Methylation multiplicity and its clinical values in cancer

Abstract

Methylation at DNA, RNA and protein levels plays critical roles in many cellular processes and is associated with diverse differentiation events, physiological activities and human diseases. To aid in the diagnostic and therapeutic design for cancer treatment utilising methylation, this review provides a boutique yet comprehensive overview on methylation at different levels including the mechanisms, cross-talking and clinical implications with a particular focus on cancers. We conclude that DNA methylation is the sole type of methylation that has been largely translated into clinics and used for, mostly, early diagnosis. Translating the onco-therapeutic and prognostic values of RNA and protein methylations into clinical use deserves intensive efforts. Simultaneous examination of methylations at multiple levels or together with other forms of molecular markers represents an interesting research direction with profound clinical translational potential.
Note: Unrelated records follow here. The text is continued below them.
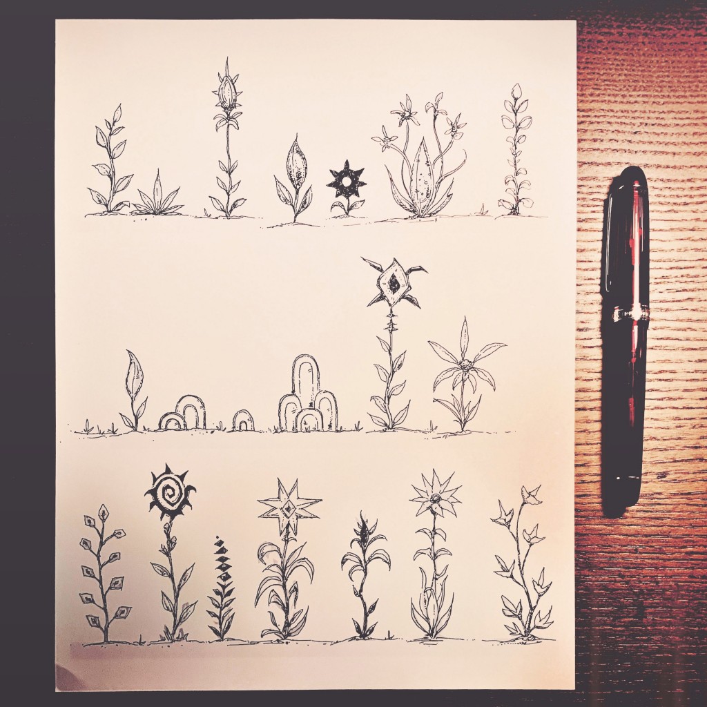 Life is a balancing act of family, work, friends, etc. I’m not so good at that stuff but here’s a bunch of flowers drawn with a 3776 Century SF, Shungyo edition. 2241 of 3776.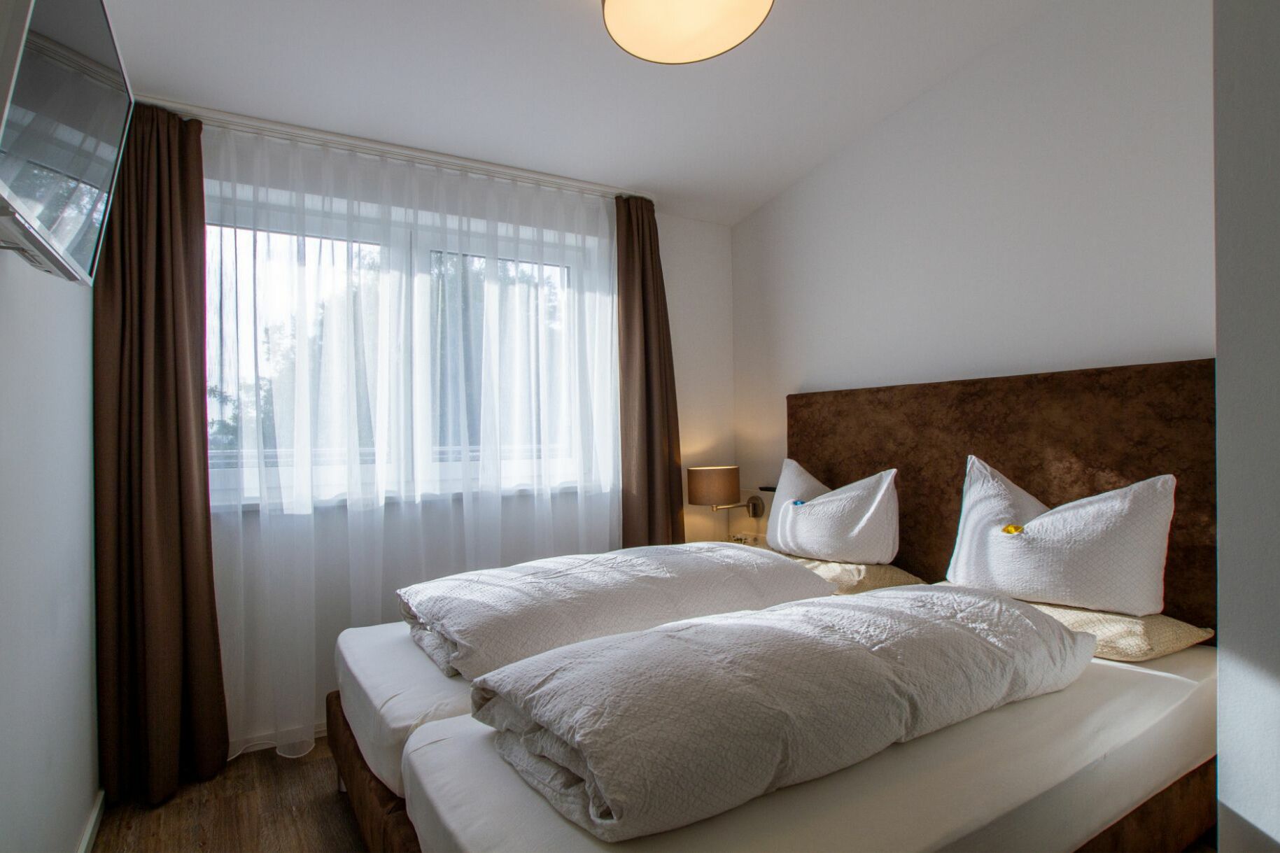 Zur Ausstattung gehören Bettwäsche, Handtücher, Kühlschrank, teilweise Mikrowelle, Cerankochfeld, Geschirrspüler (nicht im 1-Raum-Appartement), Nespresso-Kapsel-Kaffeemaschine, Wasserkocher, Toaster sowie Dusche/WC, Haartrockner, Flachbild-TV im Wohn- und Schlafbereich, begehbarer Kleiderschrank (in den Komfort-Appartements).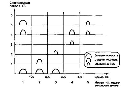 Рис. 16. Пример распределения энергии в частотных спектрах: 1 — гласная; 2 — гласная; 3 — гласная; 4 — звонкая согласная; 5 — глухая согласная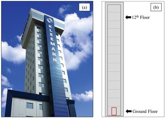 In this work, the DL-based SHM framework was developed and validated on a high-rise test tower structure, specifically designed for developing and testing elevator systems by Kleemann Lifts (Figure 1a). The tower is located in the industrial area of Kilkis, in Central Macedonia, Greece. The tower consists of a total of 13 floors, with the 13th floor being the control room, while only floors 1 (ground) to 12 are available for elevator testing (Figure 1b).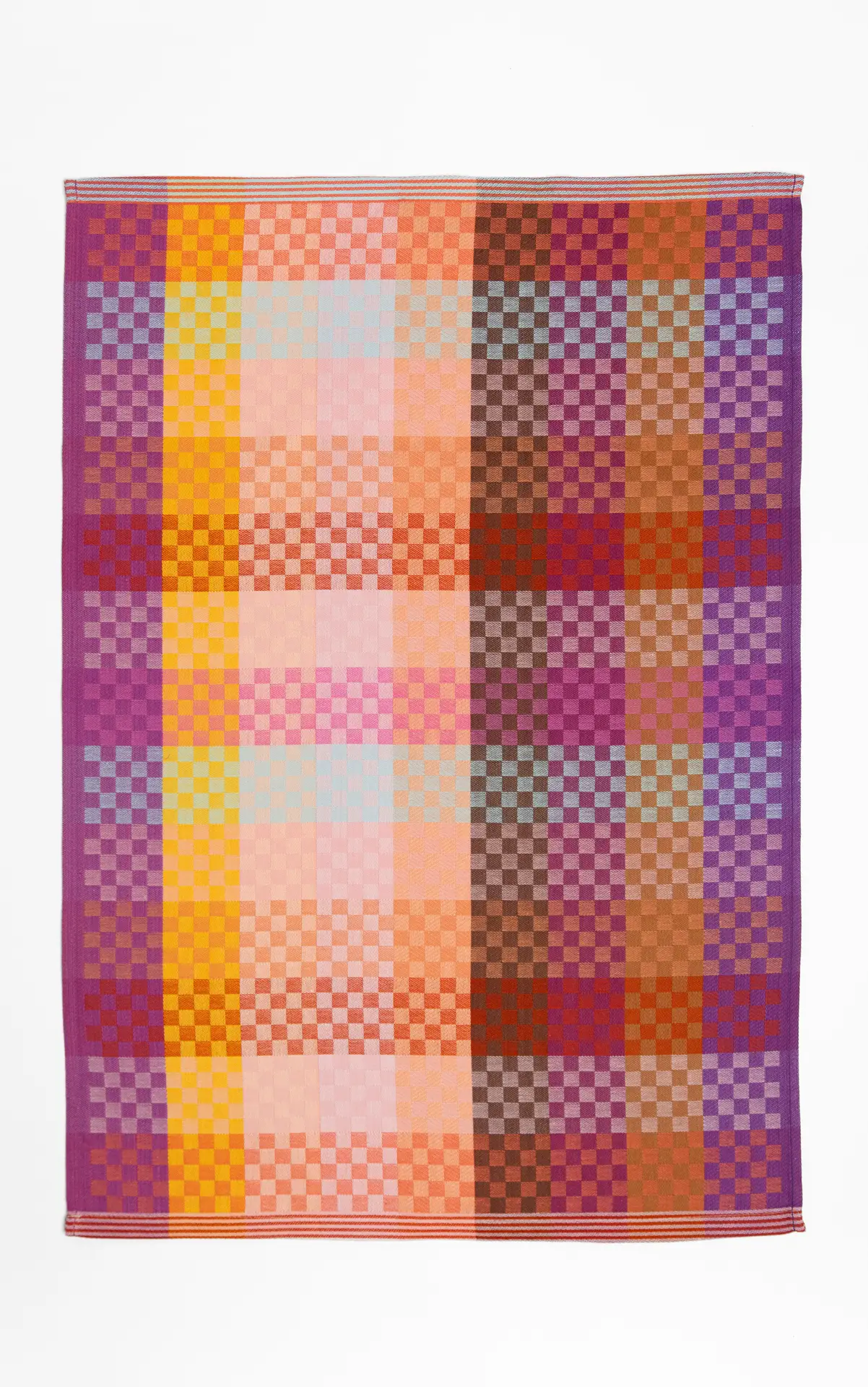 Our tea towels measure 70 x 50 cm, weigh 250 gms, and come with a hanging loop. Originating in Northern Europe, tea towels are used to dry dishes so they can be put away immediately without a drying rack. Our version is flat-woven on a jacquard loom.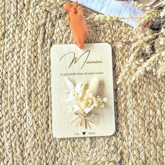Enveloppe bois et fleurs séchées personnalisée - Cadeau maman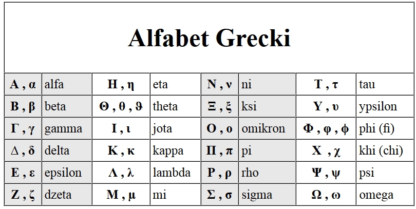 - Alfabet grecki – oznaczenia gwiazd na mapach.
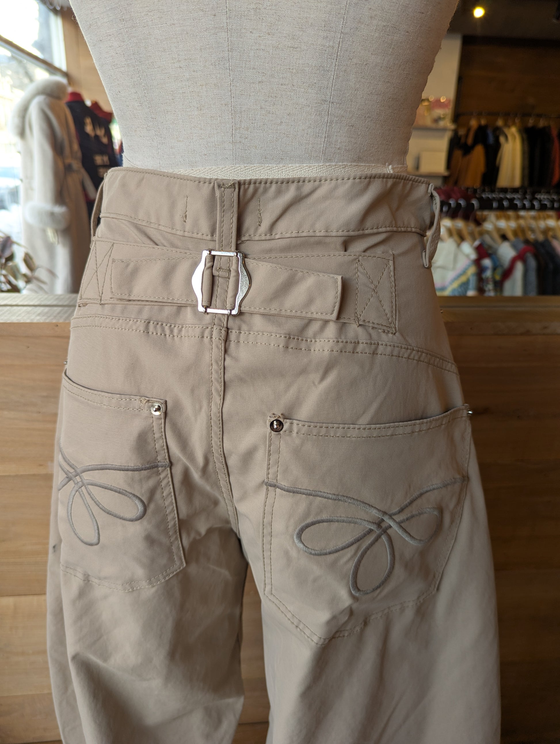 EMBROIDERED POCKET BARREL PANTS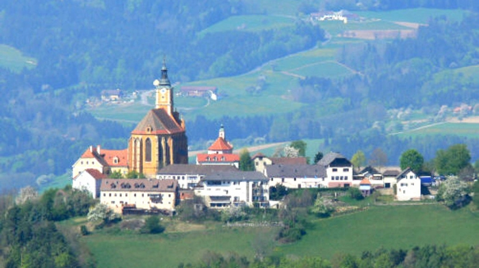 Um die Sicht auf die Wallfahrtskirche in Pöllauberg freizugeben, wurde vor dem Portal Wald geschlägert. Der Waldbestand im Tal soll generell reduziert werden.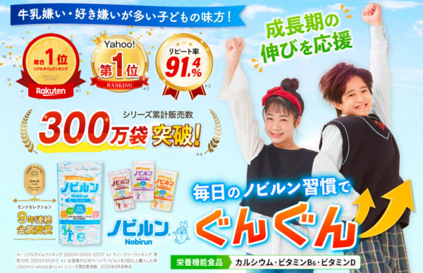 どんな成長サプリが良いか迷ったら、初回価格が安く長期間継続する場合のコスパが良い『ノビルン』がおすすめです!

Keywords: Cancer; DNA methylation; RNA methylation; early diagnosis; protein methylation.

Fig. 1.

The primary type and mechanism of DNA methylation. DNA methylation typically occurs as 5mC, with DNMT1 being the key methyltransferase (writer) and the TET family proteins playing the primary demethylation (eraser) role. Three kinds of DNA methylation-binding proteins (reader) were reported, which are MBD (Methyl-CpG-Binding Domain), Kaiso and SRA (Set and Ring Finger-associated) families. Readers identify methylated DNA sites to enable the downstream effects including, for example, gene expression suppression and genomic methylation maintenance.

Fig. 2.

The primary types and mechanisms of RNA methylation. The most representative RNA methylations are m6A and m5C. (a) In m6A RNA methylation, m6A is catalysed by the METTL3/METTL14/WTAP methyltransferase complex (m6A writer) and removed by FTO and ALKBH5 (m6A eraser). In addition, YTHDC1, YTHDC2 and YTHDF1 to YTHDF3 are m6A methylation-dependent binding proteins (m6A reader) to enable functionalities such as regulating mRNA splicing, enhance translation and mediate mRNA degradation. (b) In m5C RNA methylation, m5C is methylated by NSUN family proteins and DNMT family members as represented by DNMT2 (m5C writer) with the demethylases (m5C eraser) being unclear. ALYREF is so far the only recognised m5C methylation-dependent binding protein (m5C reader) that functions in availing mRNA nucleus export.

Fig. 3.

The primary types and mechanisms of protein methylation. Protein methylation can occur on both histone and non-histone proteins, and typically at arginine and lysine. (a) Arginine methylation is triggered by PRMT (Arg methylation writer). Some members of the JmjC family such as KDM3A, KDM4E, KDM5C (Arg methylation eraser) are known to catalyse arginine demethylation. The Tudor domain and PHD zinc finger domain recognise arginine methylation (Arg methylation reader) to play diverse roles in many cellular processes. (b) Lysine methylation is mediated by lysine methyltransferase, abbreviated as KMT (Lys methylation writer). JmjC family members and LSD1 are the primary demethylases unveiled for lysine demethylation. The ‘royal’ domain superfamily, comprised of Tudor, chromo, MBT and PWWP domains, and PHD zinc finger domain are lysine methylation readers.